Can an hour of strength training a week really make you stronger?
Various studies found weight training to be beneficial for body and mind, including one that suggests it might help protect the brains of older adults from dementia.
But just how often should you lift?
According to a new study, the answer is about an hour a week.
During the two-month study, 42 healthy men and women gained significant muscle mass and strength from two 30-minute sessions of uncomplicated resistance exercises each week, per the Washington Post. The research was published in the journal Medicine & Science in Sports & Exercise.
In each session, participants did nine common upper- and lower-body gym exercises, repeating each move eight to 10 times, until their muscles felt fatigued but not necessarily exhausted.
The routine was meant to be short because so many people blame busy schedules for not lifting, Brad Schoenfeld, a professor of exercise science at Lehman College in the Bronx and the study's senior author, told the Post.
'We were interested in finding the minimum effective dose' of resistance training for most people, he said.
The Centers for Disease Control and Prevention estimates that only about 20% of American adults strength train even a few times a week.
The new study is the latest one to find strength training in short durations has long-term health benefits.
A 2022 meta-analysis published in the British Journal of Sports Medicine found that people who do muscle-strengthening workouts are less likely to die prematurely than those who don't.
According to the study, those who did 30 to 60 minutes a week of strength training had a 10% to 20% lower risk of dying during the research period from all causes, including cancer and heart disease specifically, compared to those who did no weight lifting. The benefits plateaued after one hour, and decreased after two hours.
U.S. exercise guidelines recommend that adults do strength training for all major muscle groups twice a week, which can be accomplished with a variety of workouts, including weightlifting, exercises like push-ups and sit-ups, and some types of yoga.
The current guidelines don't specify how long strength workouts should be, but more research is needed before revising the guidelines to include time-specific goals, said I-Min Lee, professor of epidemiology at Harvard T.H. Chan School of Public Health.
Lee, who was not involved in the study, said that two 30-minute strength workouts per week would fit the guidelines if all major muscle groups were targeted.
Muscle-strengthening exercises are beneficial because they lead to better physical functioning, she said.
'Such exercises also improve glucose metabolism, enhance maintenance of healthy body weight, and help improve cardiovascular risk factors such as blood pressure,' said Lee, per a Harvard T.H. Chan School of Public Health article. 'All these factors lead to lower risks of cardiovascular disease, cancer and diabetes, which lowers mortality risk.'
A 2025 study published in the journal GeroScience suggests that weight training might help protect the brains of older adults from dementia, including those already showing signs of mild cognitive impairment.
Researchers recruited 44 adults ages 55 or older with a diagnosis of mild cognitive impairment for the study. Participants were divided into two groups. The weight training group did a resistance exercise program with moderate to high intensity sessions twice a week, with progressive loads, meaning weight or sets were increased as participants' muscles strengthened. The control group did not exercise during the study period, per Medical News Today.
The study found that after six months, the weight training group showed improvement in verbal episodic memory and the strength of neurons and areas of the brain associated with Alzheimer's disease. The control group showed signs of worsening brain parameters.

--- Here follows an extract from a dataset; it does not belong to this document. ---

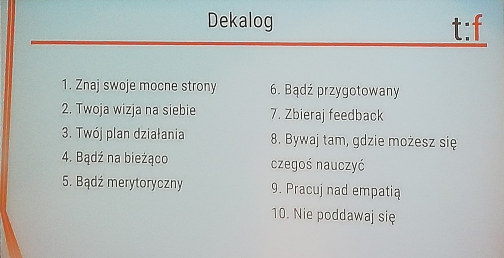 Marta opowiedziała o budowaniu marki osobistej. Temat bardzo popularny w ostatnim czasie. Na początku przedstawiła definicję marki osobistej. Później przyszedł czas na narzędzia, z których można skorzystać, by lepiej poznać siebie – nasze mocne strony, jaki sposób pracy nam bardziej odpowiada. Jedną z metod jest także feedback od najbliższych osób, który dostarcza wiele informacji na temat tego jak jesteśmy postrzegani i jak się z nami pracuje.

'This is an interesting finding because it suggests that weight training may not only help to increase cognition, but also prevent the development of atrophy in regions related to Alzheimer's disease — potentially delaying progression or even preventing the onset of dementia,' Isadora Ribeiro, a São Paulo Research Foundation doctoral fellowship recipient at the School of Medical Sciences at the State University of Campinas in Brazil, told Medical News Today. Ribeiro is the study's first author.
In the study cited by the Washington Post, researchers invited their volunteers to the gym twice a week, for supervised sessions, where everyone did the same nine exercises:
Front lat pull-down
Seated cable row
Shoulder press
Chest press
Cable triceps pushdown
Supinated dumbbell biceps curl
Smith machine squats
Leg press
Leg extension
The participants completed only one set of each exercise, which, for many, was a substantial reduction in volume. Most had been doing at least two or three sets of every exercise during their workouts, spending hours in the gym every week. Now they finished in 30 minutes, per the Post.